Prerequisites#

Hardware#

Hardware	Optimized Mode (TRT-LLM)
H100 SXM/NVLink/PCIE FP16	✓
A100 SXM/NVLink/PCIE FP16	✓
L40s PCIe FP16	✓
L4	✓
H20	✓
L20	✓
Other Ampere+ SKUs	Functional

Note on modes#

“Optimized Mode” indicates that the full TensorRT‑LLM optimized pipeline is used for best performance. “Functional” indicates the NIM runs end-to-end but may use fallback paths without certain optimizations; expect lower throughput.

Software#

Docker
NVIDIA Container Toolkit
CUDA Drivers (11.8+)

NGC#

Create an NGC account and generate an NGC API key with NGC catalog access.

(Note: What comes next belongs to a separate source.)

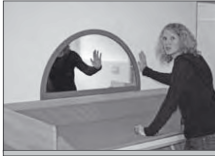
Die Spiegel helfen den Kindern beim „Selbst-Erfahren“.

Authenticate Docker to NGC:

docker login nvcr.io

Username: $oauthtoken

Password: <NGC API key>

Set your API key as an environment variable:
```
export NGC_API_KEY=<your NGC API key>
```

Supported Formats#

Text: UTF-8 strings
Video Codecs: H.264, HEVC, AV1, VP8, VP9, VC1, MPEG4, MPEG2, and MPEG1
Video Submission Methods:
- query request type: Base64-encoded data or presigned URLs
- bulk_video request type: Presigned URLs only (base64 rejected)
Video Length: The recommended length is 15 seconds; the recommended maximum length is 1-2 minutes. No strict maximum is enforced by the NIM.

Disk and Cache Requirements#

On first run, the container will download model assets. Allow 5-10 GB of free disk space for cache and temporary decode buffers depending on variant and workload.
If you enable a host cache, ensure the directory has read/write permissions for the container user.